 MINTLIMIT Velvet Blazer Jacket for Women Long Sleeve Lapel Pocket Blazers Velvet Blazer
- - - -
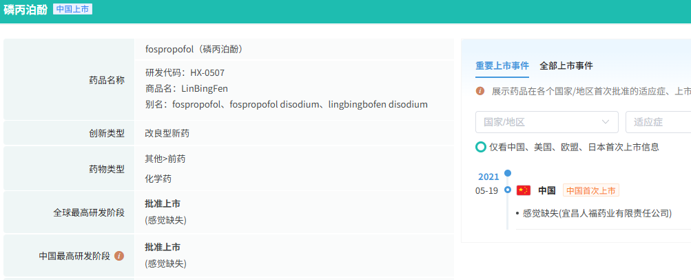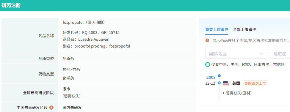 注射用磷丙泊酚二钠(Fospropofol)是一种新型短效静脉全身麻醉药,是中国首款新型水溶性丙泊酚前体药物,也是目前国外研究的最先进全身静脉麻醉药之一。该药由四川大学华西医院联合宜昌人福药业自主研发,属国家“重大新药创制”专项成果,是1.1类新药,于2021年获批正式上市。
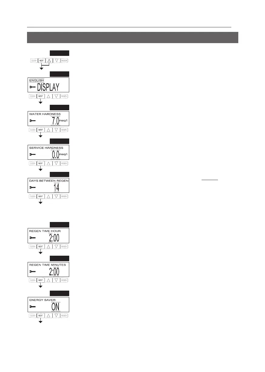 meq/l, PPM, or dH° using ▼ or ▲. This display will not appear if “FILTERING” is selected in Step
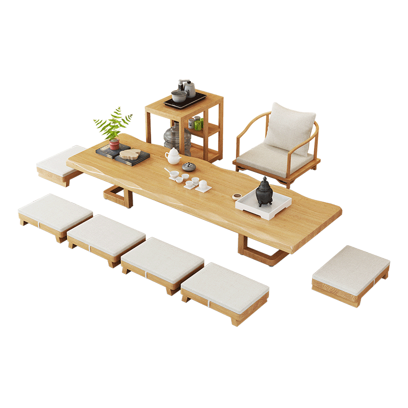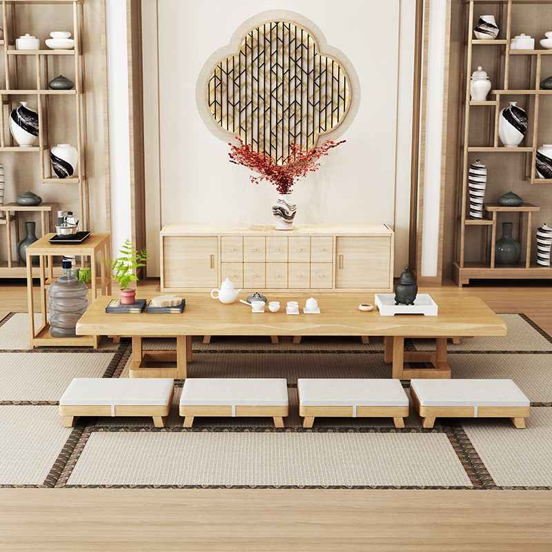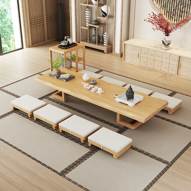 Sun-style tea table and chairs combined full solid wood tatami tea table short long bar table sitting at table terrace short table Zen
- - - -
## Exercise instructions:
With pictures omitted, repeat the entries above word for word from the line holding "meq/l, PPM, or" down to the line holding "Sun-style tea table", keeping both of those lines.

## Exercise result:
 meq/l, PPM, or dH° using ▼ or ▲. This display will not appear if “FILTERING” is selected in Step
 Sun-style tea table and chairs combined full solid wood tatami tea table short long bar table sitting at table terrace short table Zen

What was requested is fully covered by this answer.